Glamorous Glutton - It looks like a wonderful day full of sunshine and family. What a truly amazing couple. Broad beans are a staple veg in the UK. We eat them fresh in summer and frozen in winter. I like them cooked with tiny onions and a little pancetta. I usually take off the skin of the bean too. A bit fiddly but a much nicer flavour. GG

Krista - I was so impressed by how easy they were to grow, @tandysinclair:disqus , AND by how big they grew!

Krista - I’m so glad you mentioned Greek dishes, @disqus_2LQ5qLN5aY:disqus I will definitely look those up. 🙂

Krista - I confess I didn’t like them until Bear made breakfast one morning, @liz_posmyk:disqus 🙂 He took steamed broad beans, fried them with caramelized onions, and put them on buttered toast drizzled with a bit of sweet chili sauce. I could eat that ANY time. 🙂

Krista - Ohhhh, I didn’t realize they were favas, @karin_stienemeier:disqus 🙂 The last of my favas are gone now, but when Spring comes around next year I will definitely look up your scrumptious recipes. 🙂

Krista - I’ve really missed chatting with you, @disqus_WseMqaTPwi:disqus , and am so glad I’m back “in the land of the living” again. 🙂

Krista - As I sit here in sweltering heat, it is lovely to imagine snow falling somewhere, @coffeeandcrumpets:disqus 🙂 Thank you so much for your gorgeous recipe ideas, Nazneen. They truly sound absolutely scrumptious. 🙂

Krista - It truly was worth it, @GourmetGetaway:disqus 🙂

Krista - Aren’t they fantastic, @OrgasmicChef:disqus ? 🙂

Krista - Oh thank you, @joanneeatswellwithothers:disqus 🙂 It was a beautiful day, even with the searing heat. 🙂

Krista - They were definitely new to me too, Tracy. 🙂 A fun discovery, though!

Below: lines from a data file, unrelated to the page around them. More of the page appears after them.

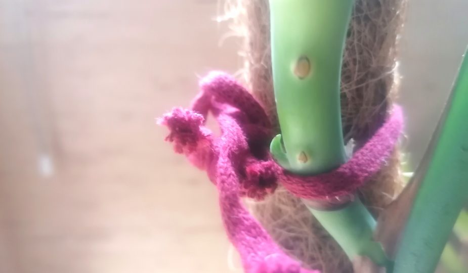 Periaatteessa kasvin kiinnittämiseen käy mikä tahansa naru tai lanka. Kannattaa kuitenkin mieluummin käyttää jotain hieman leveämpää/ paksumpaa materiaalia. Ohut lanka teloo herkemmin kasvin vartta kuin leveä. Jos kasvituki on kovin paksu, jokin lanka tai naru on ainoa vaihtoehto kasvin kiinnittämiseen. Itse olen käyttänyt esimerkiksi paperinarua, päällystettyä rautalankaa, lahjanarua, punoskudetta, villalankaa, pyykkinarua, matonkuteita, kaitanauhaa ja jopa vanhoja kengännauhoja.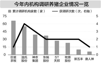 今年以来,有8家养猪企业获得机构调研,其中,温氏股份、神农集团、东瑞股份、牧原股份等获得2次及以上调研,巨星农牧、温氏股份、神农集团、东瑞股份累计获得30家以上机构调研。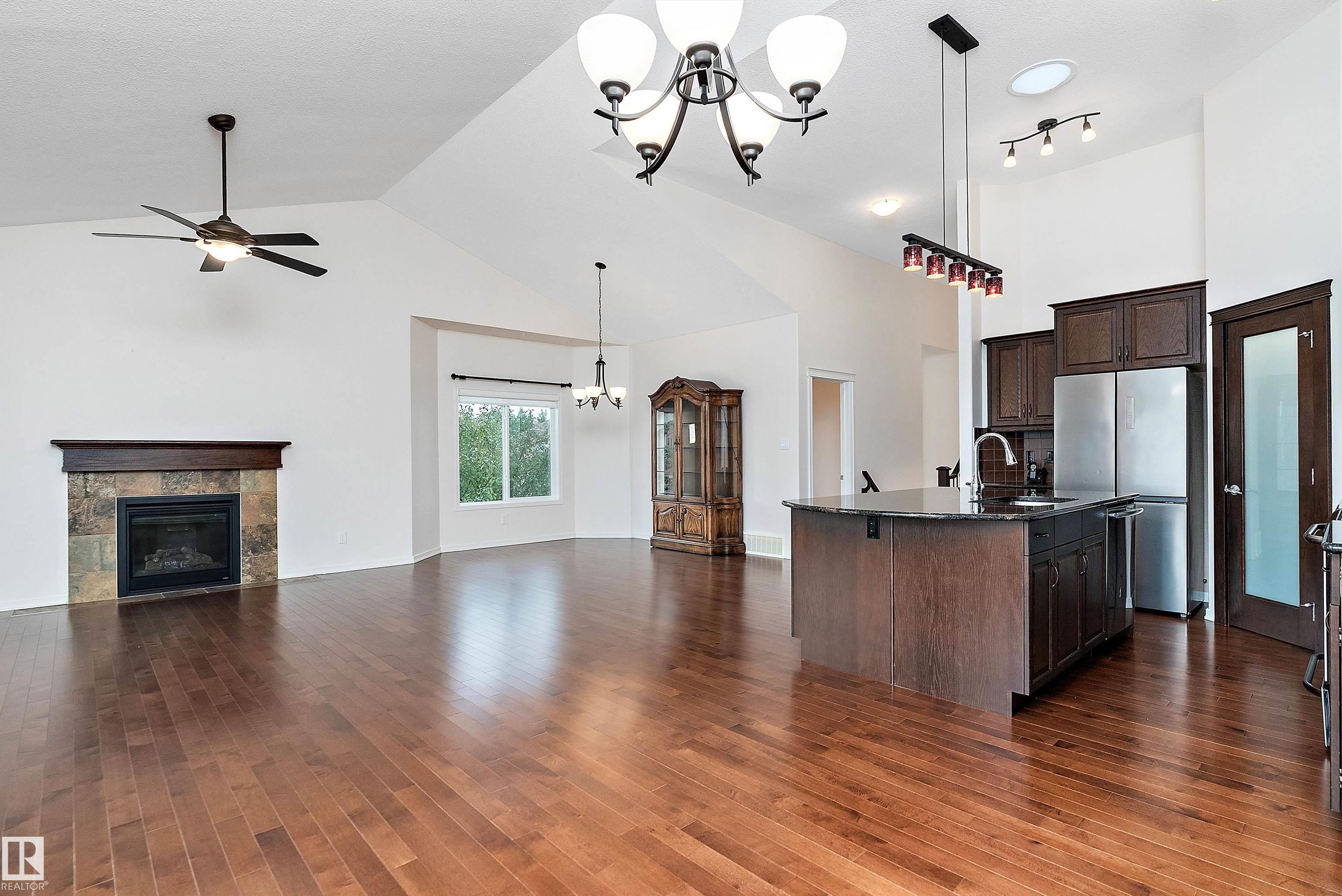 IDEAL setup for snowbirds, shiftworkers, retirees or anyone looking for a quiet, 18+ community. Situated on a large corner lot is this original owner walkout bilevel, featuring stunning landscaping. The interior is elegant with soaring vaulted ceilings, beautiful hardwood flooring, & custom cabinetry. The main floor is ideal for hosting with an impressive chefs kitchen, dining space & a large living room with cozy gas fireplace. Tucked away is a main floor office for your convenience. Up a couple stairs the primary oasis offers a jacuzzi & shower, private toilet, & walk in closet with custom built ins. The lower level is a brightly lit & inviting walkout leading to the back patio - surrounded by flowering trees for privacy. Every season is cozy & inviting with floor to ceiling windows and an additional gas fireplace. The basement living is complete with an extra large bedroom & 4 piece bath. Finally, the double attached garage ensures your comfort & convenience. THIS is what you've been looking for!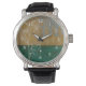 Uhr, Vintage Männeruhr mit schwarzem Lederarmband

Krista - Mmm, tiny onions and pancetta sound like they would be brilliant with these beans, GG. 🙂

Kate Bailward - I love young broad beans which you can eat whole, pods and all. I tend to toss them in olive oil with anchovies, rosemary, oregano, sea salt, garlic and chilli flakes. I leave them to macerate for a short while and then chuck them onto a smoking hot grill. When they’re soft, toss them back into the olive-oily bowl and turn them about for them to soak up all the flavour. Eat them with your fingers, still warm – delicious!

When they get bigger and tougher I’m not such a fan (mainly for reasons of laziness, because shelling them is a pain), but if someone else does the work then I still enjoy the taste. 😉 Here in Italy they’re often served simply with drizzled with olive oil alongside pecorino cheese and I can confirm that it’s a taste combination that really works.

Rachel Friesen - I’ve never had a broad bean, though I did get my first chance at shelling, cooking, and eating home-grown navy beans. The heaps of twisted white pods didn’t amount to as many beans as I’d expected, but the little we had was just heavenly. Those little white beans plumped up beautifully and absorbed an amazing amount of flavour. I never thought I’d be raving about a bean – I’ll have to find a source for next year.